■ What is being asked
Write out each line of the listing as it stands, without the images.
*** Data section Section Begins ***
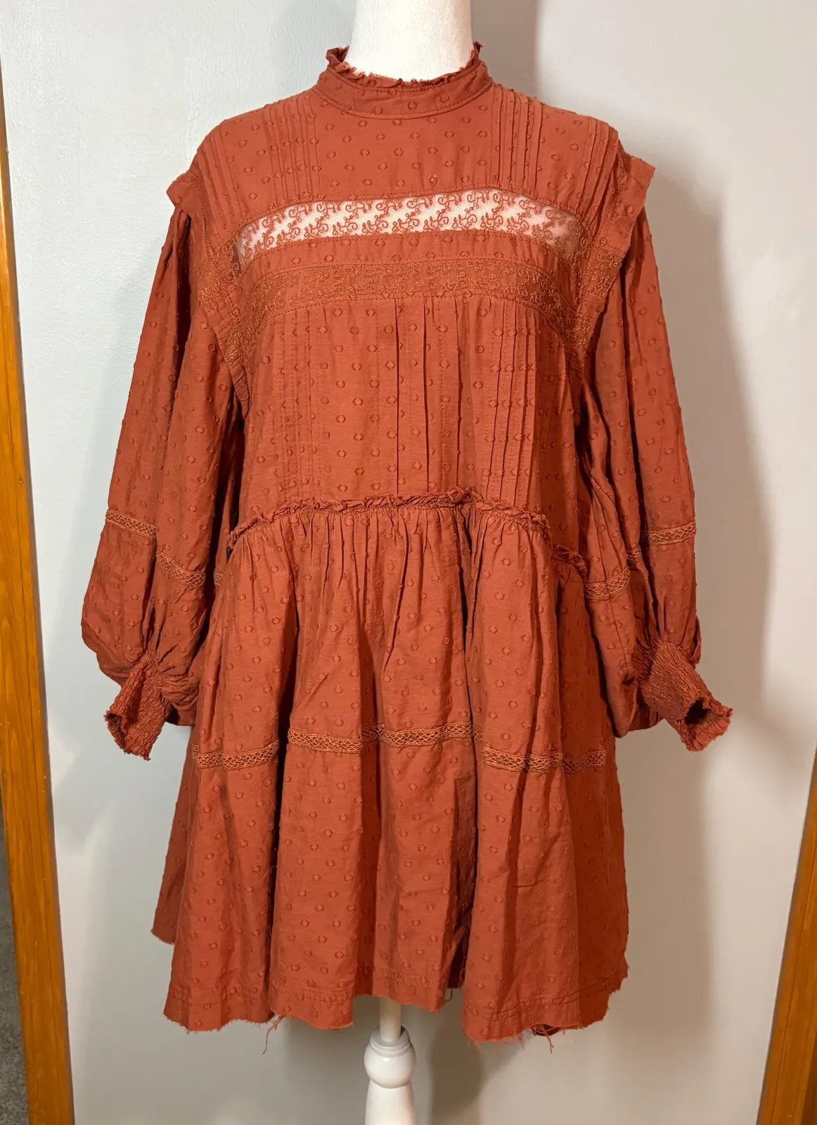 EUC with no rips, stains or flaws NO SIZE TAG measures to be a small to medium Customer return so price tag attached reflects a size but it is not confirmed Measurements are approximate. Slight color variations may be seen in pictures due to lighting and camera settings. please see measurements to determine fit. Non smoking dog friendly home Style: Mini, A-Line Dress Length: Mini Color: Brown Department: Women Sleeve Length: Long Sleeve Pattern: Polka Dot Occasion: Casual, Travel, Party/Cocktail Material: Cotton Neckline: Mock Neck Character: Bohemian, Cottagecore, Prairie, Romantic, Rustic Fabric Type: Woven Season: Fall, Spring Keywords: PILCRO, mini dress, swiss dot, mock neck, long sleeve, pockets, rust, bohemian, boho, casual dress, tiered dress, lace detail, fall dress, autumn dress
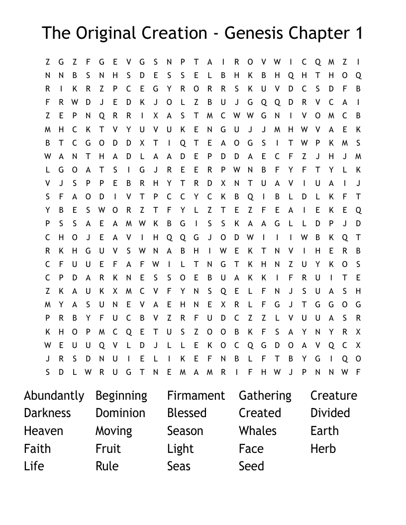 The Original Creation Genesis Chapter 1 Word Search WordMint
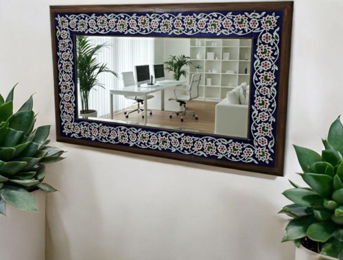 - El yapımı çini deseniyle süslenmiş, her bir detayda işçiliğin izlerini taşıyan duvar aynası, mekanınıza otantik bir hava katıyor.; - 80 x 100 cm boyutlarındaki dikdörtgen formu ile modern ve klasik dekorasyon stillerine uyum sağlayarak geniş bir kullanım alanı sunuyor.; - Türkiye'de üretilmiş olması, yerel zanaatkarların emeğini ve kaliteli malzemeleri yansıtarak gurur verici bir menşei sağlıyor.; - Ahşap çerçevesi ile dayanıklılığı ve estetiği bir arada sunan bu ayna, uzun ömürlü kullanım vaat ediyor.;
*** Data section Section Ends ***
■ Output for this task
 EUC with no rips, stains or flaws NO SIZE TAG measures to be a small to medium Customer return so price tag attached reflects a size but it is not confirmed Measurements are approximate. Slight color variations may be seen in pictures due to lighting and camera settings. please see measurements to determine fit. Non smoking dog friendly home Style: Mini, A-Line Dress Length: Mini Color: Brown Department: Women Sleeve Length: Long Sleeve Pattern: Polka Dot Occasion: Casual, Travel, Party/Cocktail Material: Cotton Neckline: Mock Neck Character: Bohemian, Cottagecore, Prairie, Romantic, Rustic Fabric Type: Woven Season: Fall, Spring Keywords: PILCRO, mini dress, swiss dot, mock neck, long sleeve, pockets, rust, bohemian, boho, casual dress, tiered dress, lace detail, fall dress, autumn dress
 The Original Creation Genesis Chapter 1 Word Search WordMint
 - El yapımı çini deseniyle süslenmiş, her bir detayda işçiliğin izlerini taşıyan duvar aynası, mekanınıza otantik bir hava katıyor.; - 80 x 100 cm boyutlarındaki dikdörtgen formu ile modern ve klasik dekorasyon stillerine uyum sağlayarak geniş bir kullanım alanı sunuyor.; - Türkiye'de üretilmiş olması, yerel zanaatkarların emeğini ve kaliteli malzemeleri yansıtarak gurur verici bir menşei sağlıyor.; - Ahşap çerçevesi ile dayanıklılığı ve estetiği bir arada sunan bu ayna, uzun ömürlü kullanım vaat ediyor.;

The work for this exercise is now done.